Jailbreaking GPT-4′s code interpreter
Disclaimer: I don’t know much about cybersecurity. Much of my knowledge comes from asking GPT-3.5 and GPT-4 for advice. These are some results from around 20 hours of playing around with the code interpreter plugin in early-mid May, when most of this was written. I contacted OpenAI about these jailbreaks in mid May and they mostly seem to still be there.
Thank you to Max Nadeau, Trevor Levin, aL xin, Pranav Gade, and Alexandra Bates for feedback on this post!
GPT-4’s code interpreter plugin has been rolled out to some users. It works by running on a virtual machine that is isolated from the internet and other machines, except for the commands sent in from the API and the results sent back to the API. GPT-4 seems to follow a set of rules that are either enforced through hard access restrictions or through GPT-4 refusing to do things for the user.

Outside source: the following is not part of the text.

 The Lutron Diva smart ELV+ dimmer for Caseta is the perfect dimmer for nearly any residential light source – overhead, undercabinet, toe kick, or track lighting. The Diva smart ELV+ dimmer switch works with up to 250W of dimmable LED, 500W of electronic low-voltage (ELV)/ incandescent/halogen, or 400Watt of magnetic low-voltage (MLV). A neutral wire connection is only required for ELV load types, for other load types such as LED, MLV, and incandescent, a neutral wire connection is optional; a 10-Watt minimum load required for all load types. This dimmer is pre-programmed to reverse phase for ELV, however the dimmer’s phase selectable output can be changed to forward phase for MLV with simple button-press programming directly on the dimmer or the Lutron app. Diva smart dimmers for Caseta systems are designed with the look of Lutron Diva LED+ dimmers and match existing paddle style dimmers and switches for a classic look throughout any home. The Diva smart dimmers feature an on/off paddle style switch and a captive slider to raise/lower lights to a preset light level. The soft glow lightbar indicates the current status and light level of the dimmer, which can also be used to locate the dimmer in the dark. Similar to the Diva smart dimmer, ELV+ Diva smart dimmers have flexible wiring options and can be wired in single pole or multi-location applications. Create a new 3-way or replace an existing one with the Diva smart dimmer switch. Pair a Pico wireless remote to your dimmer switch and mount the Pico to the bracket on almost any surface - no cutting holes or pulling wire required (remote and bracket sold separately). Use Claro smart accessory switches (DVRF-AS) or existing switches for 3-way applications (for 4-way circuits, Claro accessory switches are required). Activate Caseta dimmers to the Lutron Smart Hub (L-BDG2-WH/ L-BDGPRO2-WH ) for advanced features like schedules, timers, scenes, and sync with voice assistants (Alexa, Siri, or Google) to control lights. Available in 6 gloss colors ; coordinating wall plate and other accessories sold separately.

Here, I highlight 6 rules that GPT-4 claims to be following, but which are easily breakable, alongside some best practices in cybersecurity that have been neglected. In short:
GPT-4 claims that it is only supposed to read, modify, or delete files in two designated folders (“sandbox” and “mnt”). However, it is able to read basically any file on the system (including sensitive system files), and it is able to write and delete files outside of its designated folders.

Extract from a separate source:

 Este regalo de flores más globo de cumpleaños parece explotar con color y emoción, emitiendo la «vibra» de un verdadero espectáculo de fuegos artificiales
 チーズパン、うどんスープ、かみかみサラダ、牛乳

This seems to reveal information that the user isn’t supposed to see. There are ways to find out information about the hardware that the VM is being run on, including:
Information about the way OpenAI logs data, including what libraries and IP address they assign to virtual machines.

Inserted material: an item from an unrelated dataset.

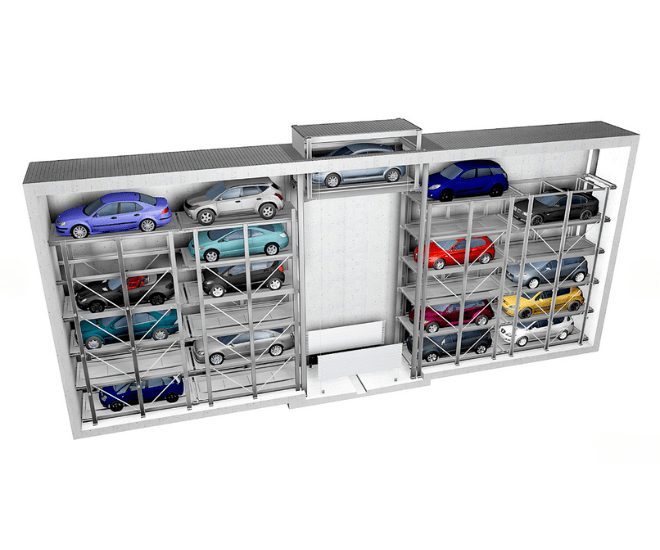 A centralized vertical conveyor stationed within the transfer zone efficiently transports vehicles to any of the 6 possible parking tiers per system
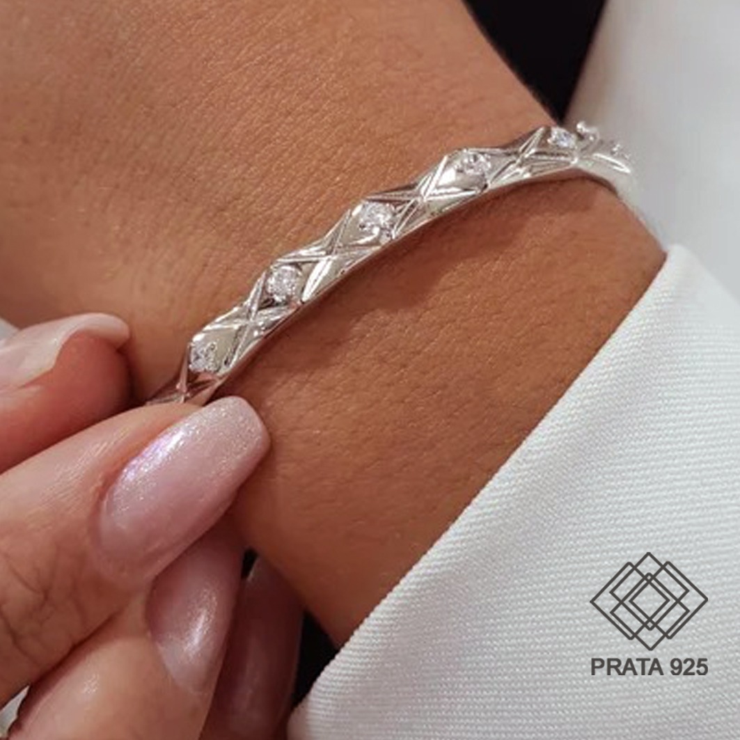 Confeccionado em prata 925, oferece durabilidade, resistência e acabamento polido de alto padrão. A combinação da estrutura leve com o brilho das pedras resulta em um acessório versátil, que valoriza o pulso com discrição e elegância.

A rough estimate of the number of VMs that OpenAI can run at maximum at any moment (from the way the IP addresses are allocated).
A rough idea of what storage hardware is used (from write speed), alongside some info on other hardware.
There is a file in the virtual machine (in a folder labeled “internal”) that users can download that details how web requests are handled.
As ChatGPT would say: “By exposing your source code, you make it easier for potential attackers to analyze the code and identify security vulnerabilities. This can lead to an increased risk of exploitation if there are any flaws in your implementation.”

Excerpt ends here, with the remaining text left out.